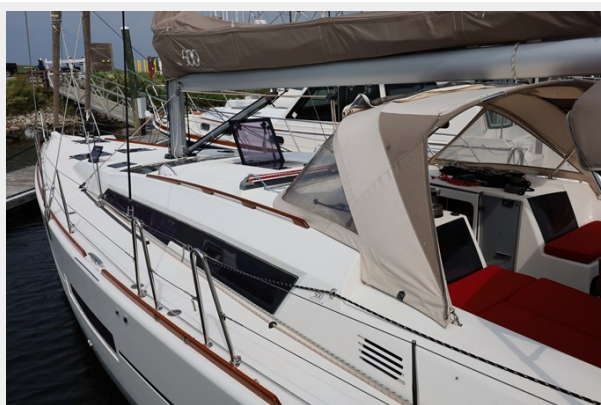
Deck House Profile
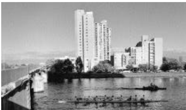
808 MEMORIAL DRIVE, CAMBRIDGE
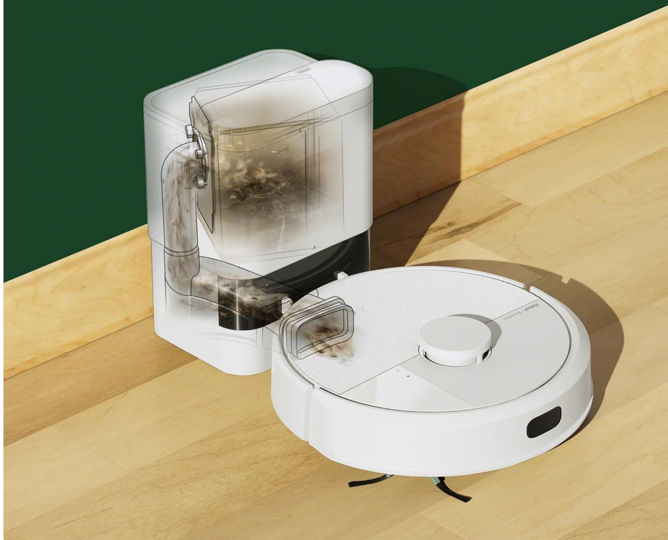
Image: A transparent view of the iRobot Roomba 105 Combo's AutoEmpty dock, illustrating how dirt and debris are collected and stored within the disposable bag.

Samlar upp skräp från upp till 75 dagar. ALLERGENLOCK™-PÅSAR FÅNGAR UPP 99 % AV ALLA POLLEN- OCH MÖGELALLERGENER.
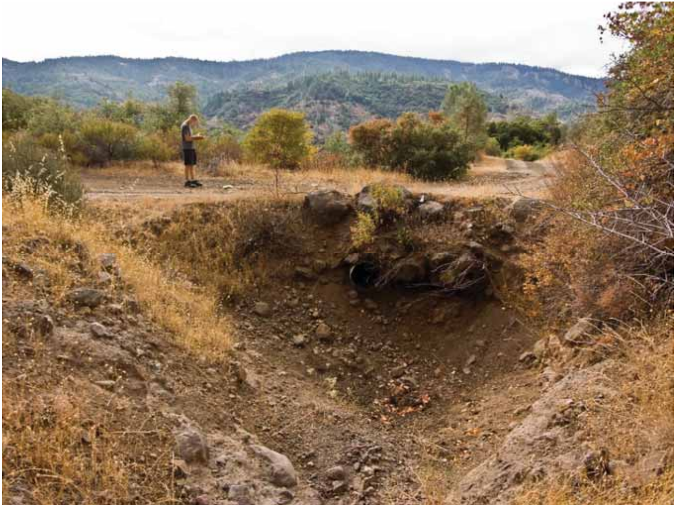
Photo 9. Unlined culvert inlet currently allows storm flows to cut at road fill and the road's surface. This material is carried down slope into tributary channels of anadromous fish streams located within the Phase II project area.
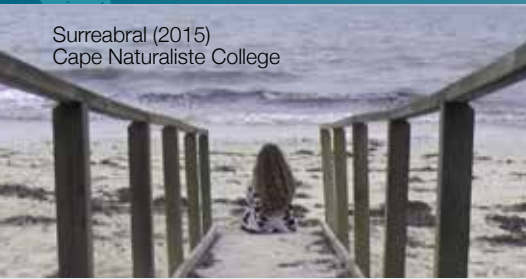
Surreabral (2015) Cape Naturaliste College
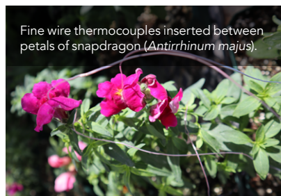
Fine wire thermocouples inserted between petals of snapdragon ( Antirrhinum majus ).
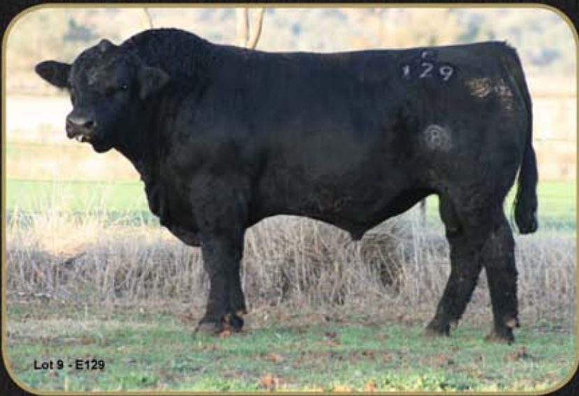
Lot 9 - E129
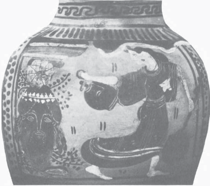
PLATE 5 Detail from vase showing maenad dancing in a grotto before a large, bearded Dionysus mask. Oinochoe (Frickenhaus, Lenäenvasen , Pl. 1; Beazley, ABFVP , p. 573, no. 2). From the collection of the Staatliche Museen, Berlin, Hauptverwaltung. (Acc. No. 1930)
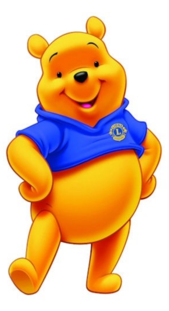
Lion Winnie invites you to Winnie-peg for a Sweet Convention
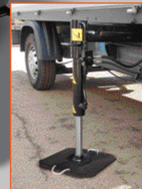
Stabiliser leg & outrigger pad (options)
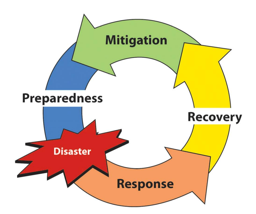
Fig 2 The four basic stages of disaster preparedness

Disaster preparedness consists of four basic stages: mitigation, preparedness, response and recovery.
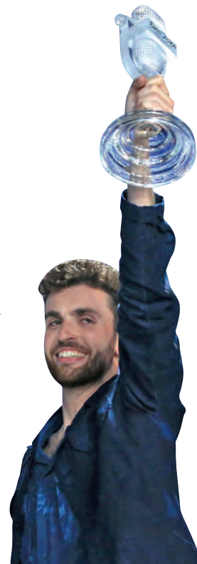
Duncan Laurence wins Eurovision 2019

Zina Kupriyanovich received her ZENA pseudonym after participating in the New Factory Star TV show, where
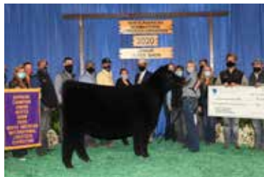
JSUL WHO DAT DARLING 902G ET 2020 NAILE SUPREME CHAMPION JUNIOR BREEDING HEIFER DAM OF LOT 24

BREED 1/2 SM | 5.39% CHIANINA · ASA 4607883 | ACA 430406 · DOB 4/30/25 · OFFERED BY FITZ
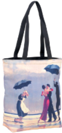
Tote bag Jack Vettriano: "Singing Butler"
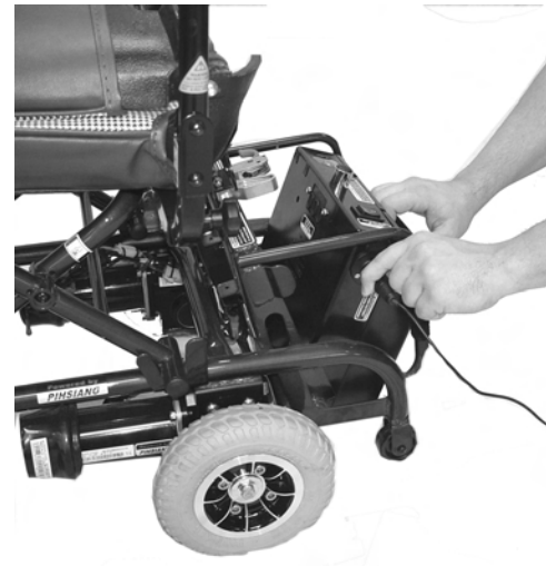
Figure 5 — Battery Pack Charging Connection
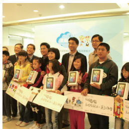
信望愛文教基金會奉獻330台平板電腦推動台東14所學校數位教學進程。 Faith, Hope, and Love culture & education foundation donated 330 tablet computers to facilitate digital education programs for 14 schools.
==
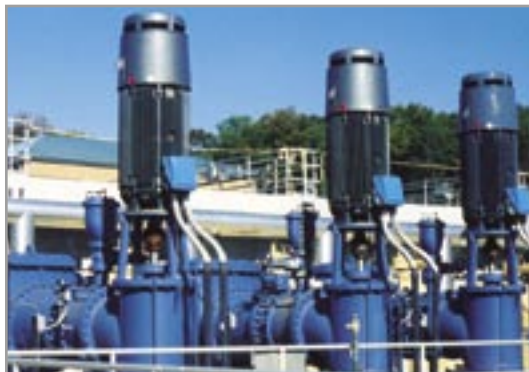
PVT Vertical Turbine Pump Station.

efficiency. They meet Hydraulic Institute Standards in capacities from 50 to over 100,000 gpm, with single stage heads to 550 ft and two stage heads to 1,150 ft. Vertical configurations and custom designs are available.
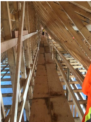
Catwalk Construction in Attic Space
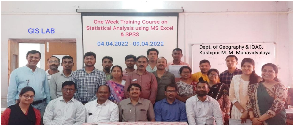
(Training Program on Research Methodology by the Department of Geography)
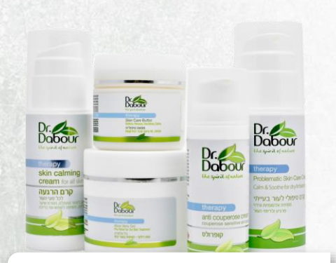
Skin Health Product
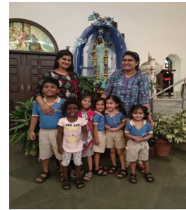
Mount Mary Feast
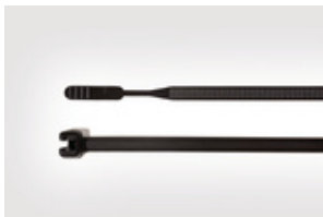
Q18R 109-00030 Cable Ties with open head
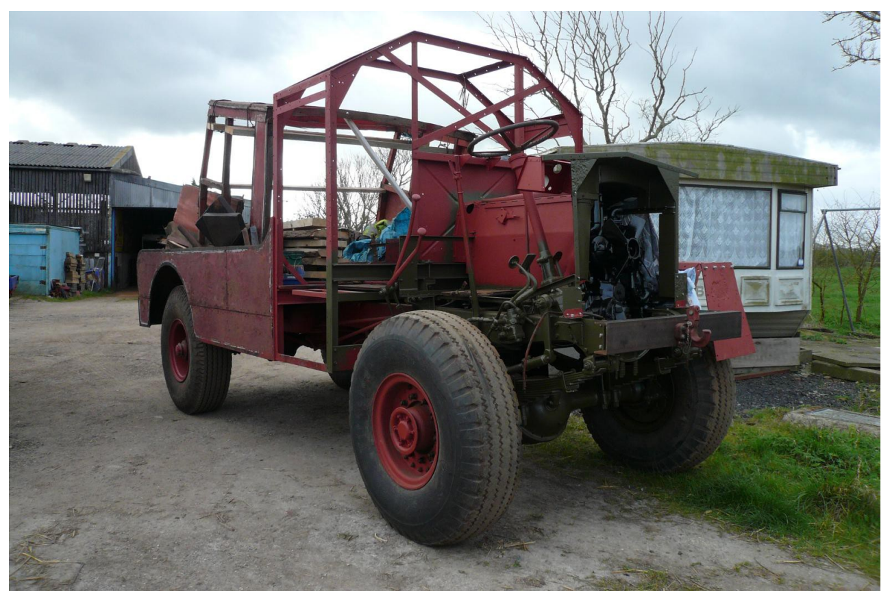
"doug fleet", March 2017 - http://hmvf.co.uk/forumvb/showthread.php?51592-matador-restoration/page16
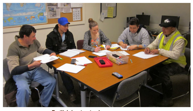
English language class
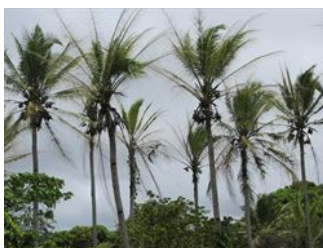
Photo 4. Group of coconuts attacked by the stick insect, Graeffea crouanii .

- _Work task_
From the listing above, restate verbatim the lines running from the one with "Q18R 109-00030 Cable Ties with open head" through the one with "Photo 4. Group", inclusive, but not the pictures.

- _Problem solution_
Q18R 109-00030 Cable Ties with open head
"doug fleet", March 2017 - http://hmvf.co.uk/forumvb/showthread.php?51592-matador-restoration/page16
English language class
Photo 4. Group of coconuts attacked by the stick insect, Graeffea crouanii .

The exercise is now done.